Polygenic risk scores are a critical innovation in evaluating the risks of complex conditions. Sir Peter Donnelly, founder of Genomic PLC) presented on polygenic risk scores and their implications for the future of healthcare in a Thermo Fisher Scientific sponsored discussion. Below is one segment from the talk focusing on the background of polygenic risk scores.
The concept of a polygenic risk score is relatively simple. Complex genetic conditions are usually the result of many contributing genes and mutations, not singular events. Each gene or mutation makes a small contribution to the overall risk, and the chance of developing the condition increases with each additional mutation. Some mutations, in turn, are protective, reducing disease risk. Polygenic risk scores provide a single value that combines the contributions of all gene variants known to contribute toward the risk of a particular disease, giving a sense of the total risk a particular person faces. Some people with low risk scores develop the disease and some with high scores do not, but the population-level pattern provides a way to focus care and resources, particularly those that can protect against the disease, toward people who are most likely to benefit from them.

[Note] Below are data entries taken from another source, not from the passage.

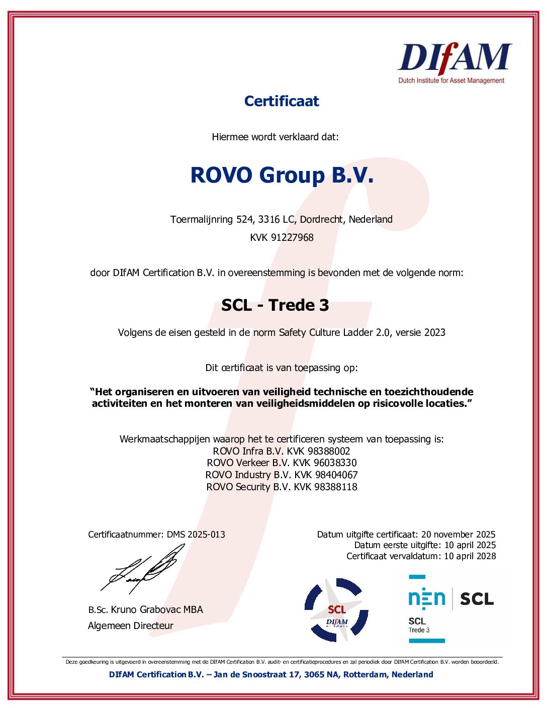 ROVO is zich bewust van het belang van tevreden opdrachtgevers. Dit besef komt tot uiting in ons policy statement, het QHSE-managementsysteem en in de gehele organisatie, die een open en coöperatieve houding heeft aangenomen en daarmee haar effectiviteit bij de realisatie van projecten heeft bewezen.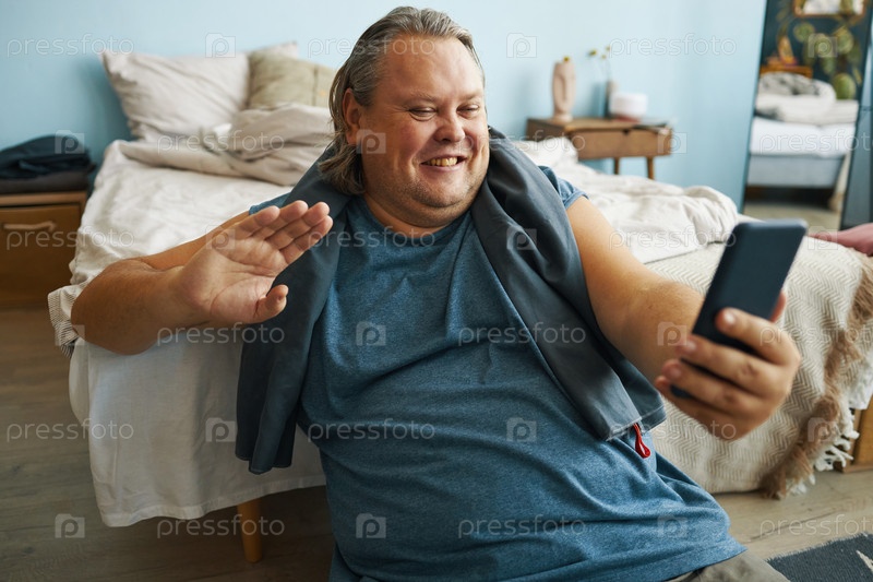 Улыбающийся мужчина средних лет машет экрану смартфона
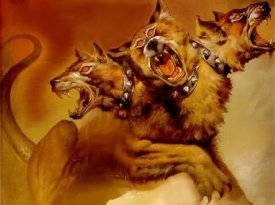 Cerberus = Three headed hound and guardian of the Underworld who stopped anyone from returning to the land of the living.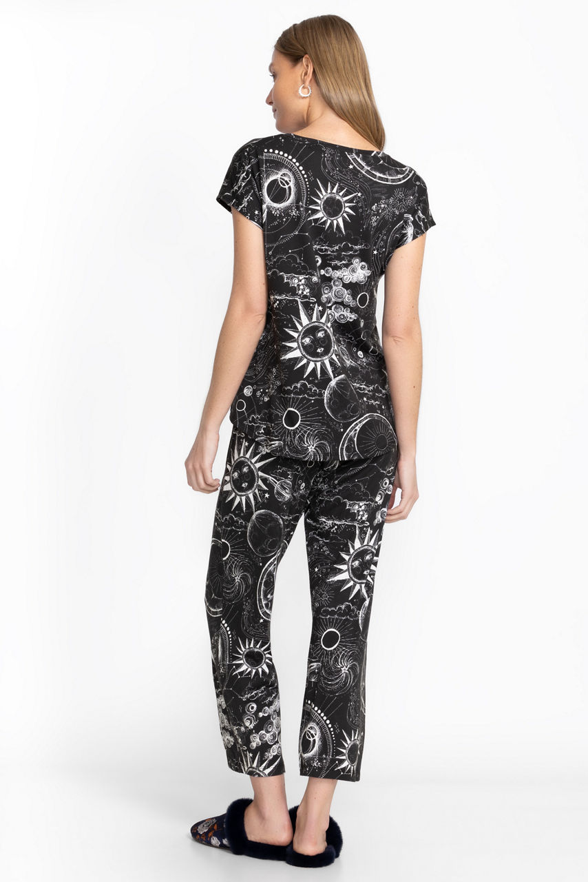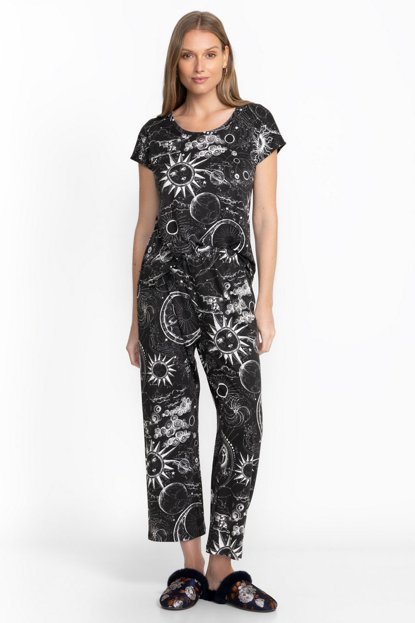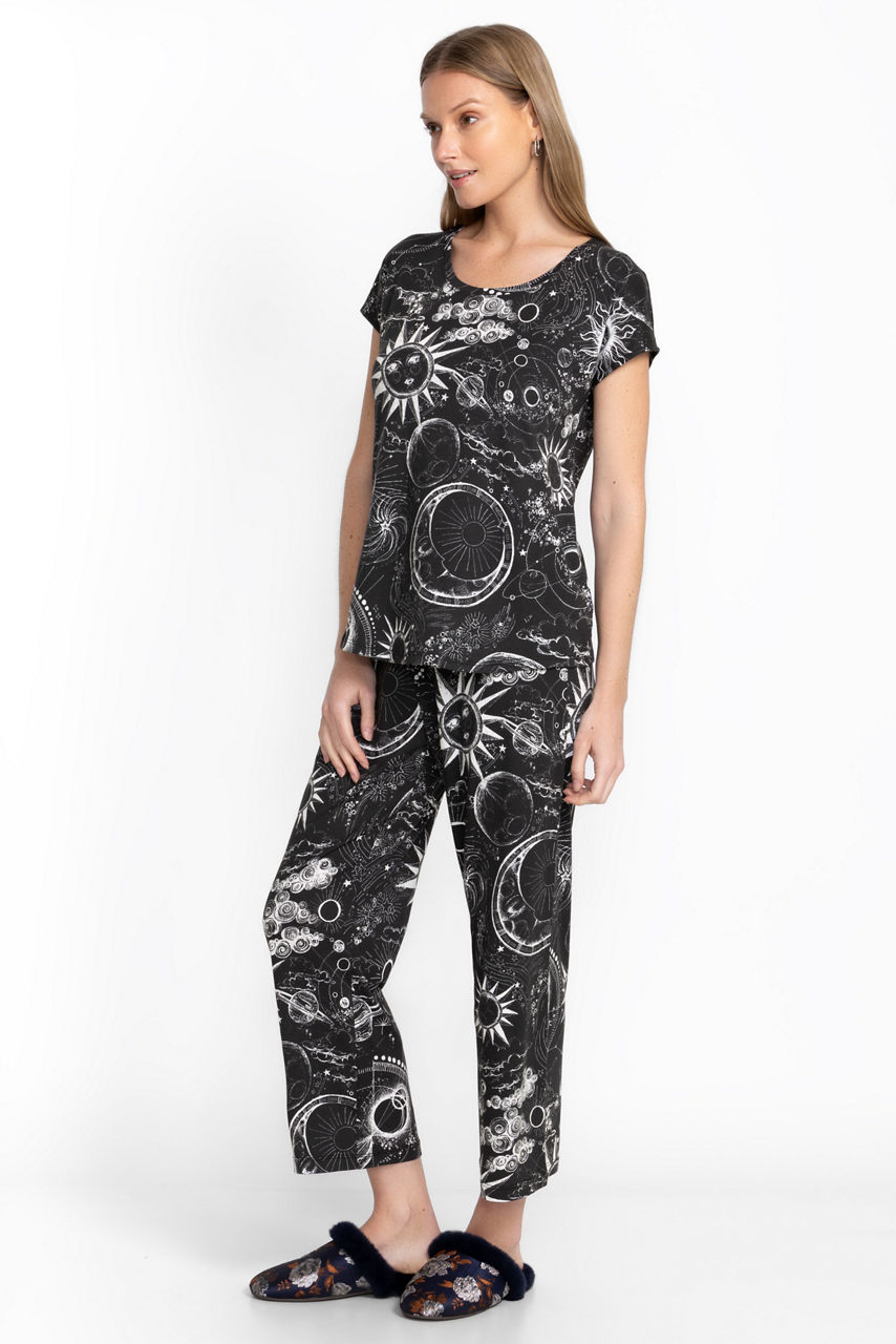 Designed for comfort and style, the Bobbie Crop Set is crafted from an incredibly soft cotton blend. Featuring a crewneck tee with short sleeves and coordinating cropped pants with a comfortable elastic waist, these pajamas are embellished with celestial icons for a dreamy look. Pair with a cozy robe and coordinating slippers for a night in.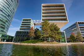 One of the reasons for this was the underlying concept, which was carefully thought through right down to the smallest detail: occupying 160,000 square meters, the site includes 13,000 square meters of green spaces, a lake, a fountain, three kindergartens a school, in future two new hotels and a student dorm as well as numerous bars and restaurants for the all-important feel-good factor. An attractive prospect for businesses, as well as residents and outsiders who visit and end up wanting to come back time and again. Construction will continue until 2026, with a residential building, an office property and an elementary school still to come. Once finished, 15,000 people will live and work here – in a slice of urban planning heaven.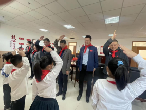 4月25日上午,学院党委副书记✮、院长王伟👩🏿🔬、院党委委员、副院长沈茹劼及相关工作负责同志一行六人来到天津复兴小学,复兴小学准备了一场别开生面的欢迎仪式,为与会来宾佩戴红领巾,行少先队队礼。
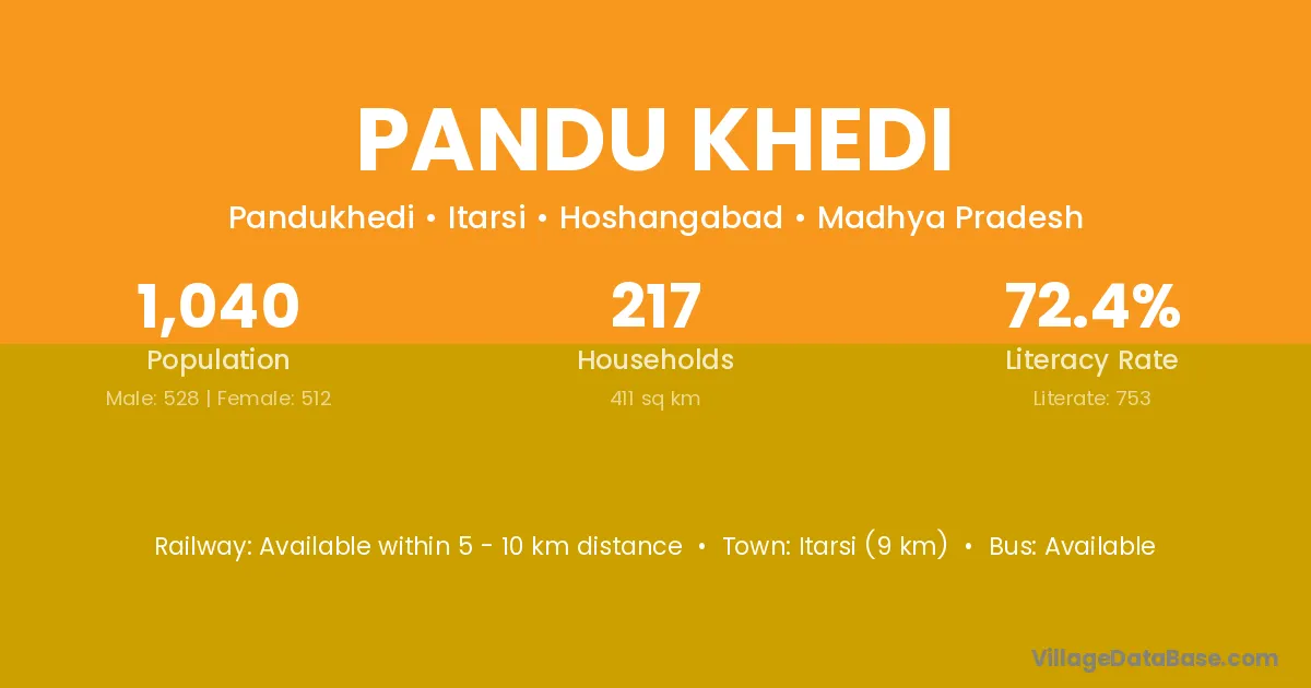 Itarsi (9 km) is the nearest town to Pandu Khedi village for major economic activities and is located approximately 9 km away.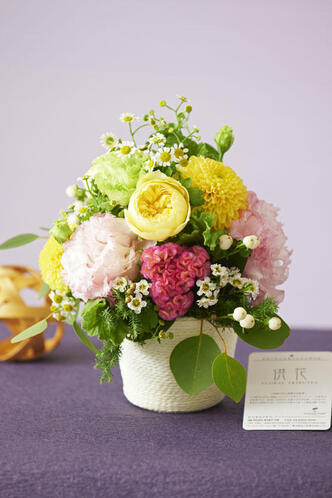 年間数千個のフラワーアレンジメントをお客様のもとに丁寧に丁寧に贈りだし続ける実績と、西名美和子のゆずれない素材へのこだわり、ぶれない技術、妥協しないクオリティから生み出される気高く、高級感溢れるデザインはシーンを選ばずお贈りいただける。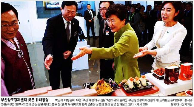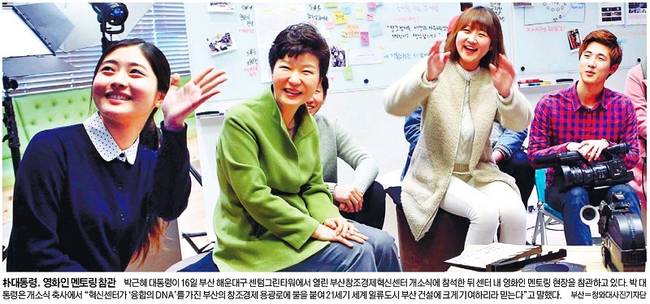 국민·동아·조선·중앙일보는 박 대통령이 16일 부산 해운대구 센텀그린타워에 들어선 부산창조경제혁신센터 내 스마트스튜디오를 신동빈 롯데그룹 회장 등과 함께 둘러보고 있는 사진을 실었다. 서울신문과 세계일보는 박 대통령이 센터 내 영화인 멘토링 현장을 참관하고 있는 사진을 선택했다. 박 대통령은 센터 개소식 축사에서 “혁신센터가 ‘융합의 DNA’를 가진 부산의 창조경제 용광로에 불을 붙여 21세기 세계 일류도시 부산 건설에 크게 기여하리라 믿는다”고 말했다고 세계일보는 전했다.

Polygenic risk scores depend on the accuracy and completeness of the data used to calculate them. This makes bodies of information such as the UK Biobank invaluable. This massive body of genomic data is correlated with medical histories and similar information, providing the ideal data set for connecting genomic variants to disease risks. By studying this data and the medical information being fed into it as its participants continue to live their lives, researchers can evaluate the risks posed by relevant gene variants and discover new ones. This is especially important for identifying and quantifying the impact of variants that make small contributions to the overall risk, or that interact with other variants in unusual ways. More than ever before, data sets like the UK Biobank are helping turn the detailed, sometimes-difficult workings of complex gene networks into information that clinicians and medical systems can use to make direct differences in people’s lives, and work like Sir Donnelly’s is leading the way.